● **Assignment**: Your response should contain exactly the lines running from the one with "Simply chic and" to the end of the data below, both included, and no pictures.
___ Information provided ___
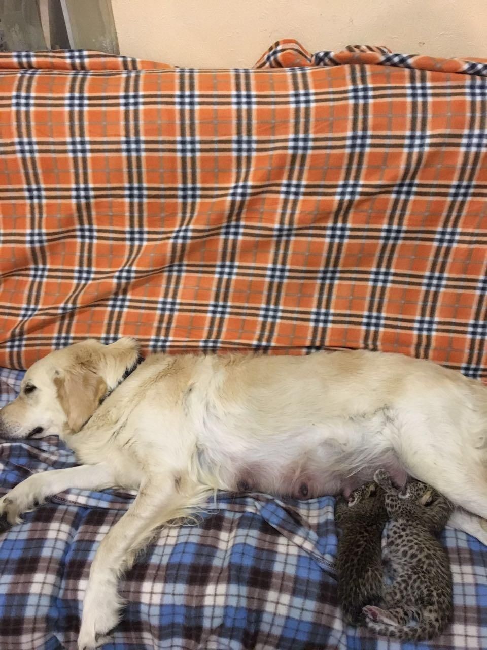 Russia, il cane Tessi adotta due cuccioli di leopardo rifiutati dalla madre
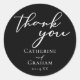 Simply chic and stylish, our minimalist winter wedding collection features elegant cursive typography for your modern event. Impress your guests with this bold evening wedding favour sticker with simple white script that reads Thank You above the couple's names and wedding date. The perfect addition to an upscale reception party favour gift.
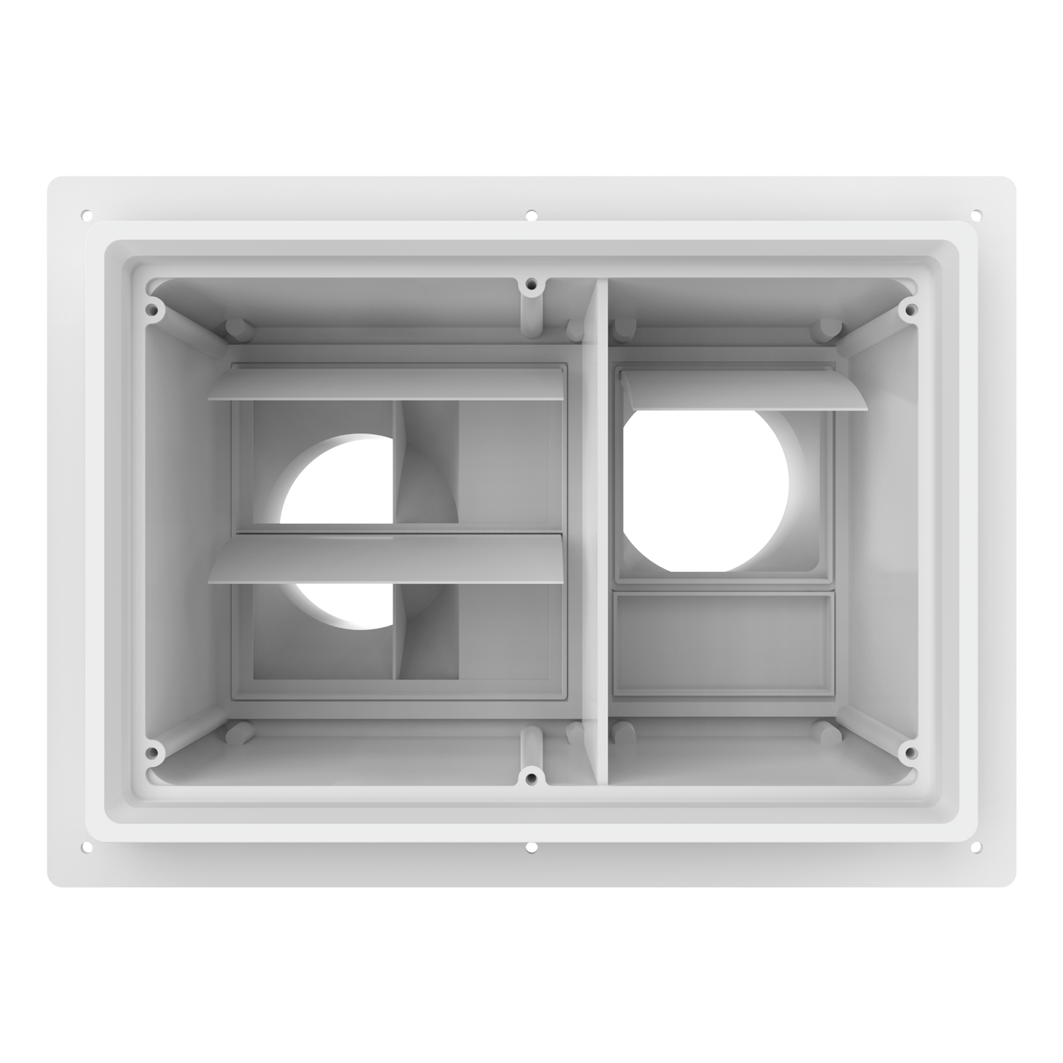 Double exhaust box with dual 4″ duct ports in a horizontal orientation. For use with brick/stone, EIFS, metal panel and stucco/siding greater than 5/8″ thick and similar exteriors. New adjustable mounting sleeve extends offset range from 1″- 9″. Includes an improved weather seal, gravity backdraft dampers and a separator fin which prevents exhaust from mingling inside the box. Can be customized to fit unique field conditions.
___
● **Result for this exercise**:
 Simply chic and stylish, our minimalist winter wedding collection features elegant cursive typography for your modern event. Impress your guests with this bold evening wedding favour sticker with simple white script that reads Thank You above the couple's names and wedding date. The perfect addition to an upscale reception party favour gift.
 Double exhaust box with dual 4″ duct ports in a horizontal orientation. For use with brick/stone, EIFS, metal panel and stucco/siding greater than 5/8″ thick and similar exteriors. New adjustable mounting sleeve extends offset range from 1″- 9″. Includes an improved weather seal, gravity backdraft dampers and a separator fin which prevents exhaust from mingling inside the box. Can be customized to fit unique field conditions.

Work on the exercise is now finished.